Batts and Arrar disagree as to what happened next. According to Batts, when he and Bozovich began to fight, “Ivo Arrar hits me, or grabs me on the back, and I turned around, and I hits [sic] him.” According to Arrar, he was standing twenty-five feet away when Batts and Bozovich began to fight. After Batts knocked out Bozovich, he walked toward Arrar. Arrar claims he thought Batts was returning to work. Arrar’s hands were in his pockets. Batts hit Arrar twice causing Arrar’s injuries. Arrar claims he did not fight back.
Arrar filed for compensation under the Act, claiming that Batts’ blow caused him permanent partial disability from injuries to his teeth and nose and from impairment of his vision and hearing.

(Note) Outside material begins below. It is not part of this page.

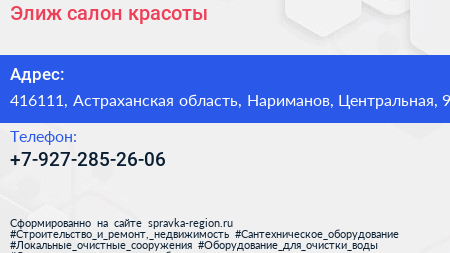 Элиж, салон красоты по адресу 416111, Астраханская область, Нариманов, Центральная, 9 в дальнейшем Организация, размещена в следующих категориях: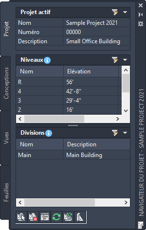 La palette du navigateur de projet est l'emplacement central qui permet de créer, de modifier et d'ouvrir les fichiers de projet Jeu d’outils AutoCAD MEP 2026. Cette palette est généralement ouverte dans l'espace de travail pendant que vous travaillez sur un projet. Pour plus d'informations, voir .

The AU discounted Arrar’s version of his injury, and concluded the Act barred Arrar’s claim because Arrar was injured through his wilful intent to injure Batts. The Board affirmed the AU’s dismissal of Arrar’s claim.1
*20II. DISCUSSION.
The Longshoremen’s and Harbor Workers’ Compensation Act provides that compensation shall be paid to covered employees suffering accidental injury in the course of employment. 33 U.S.C.A. § 903(a). The Act excludes compensation of those injuries incurred solely through the employee’s wilful intent to injure another. 33 U.S.C.A. § 903(b) (West Supp.1985). The Act presumes, however, that an employee’s injury did not occur through such a wilful intent to injure another. 33 U.S.C. § 920(d) (1982). A contesting employer successfully rebuts this presumption only by producing substantial evidence to the contrary. Id.
The AU and the Board determined that Batts’ testimony that Arrar “hit” or “grabbed” him was sufficient evidence to rebut the Act’s statutory presumption in favor of Arrar. Arrar contends that this testimony showed, at most, that he voluntarily entered the fray, but did not constitute substantial evidence that he intended to injure Batts.
We agree. Batts’ ambiguous statement that Arrar “hit” or “grabbed” Batts on the back supports the conclusion that Arrar was attempting to stop the fight between Bátts and Bozovich as readily as it supports the conclusion that Arrar intended to injure Batts. The testimony therefore sheds no light on Arrar’s subjective intent and certainly cannot constitute substantial evidence that Arrar’s injury arose solely through his wilful intent to injure Batts. The equivocal statement made by Batts fails to overcome the statutory presumption in this case.
Accordingly, we reverse the decision and order of the Board, and remand this case to the Board for a determination of disability and such award, if any, as may be proper in light of that ruling on disability.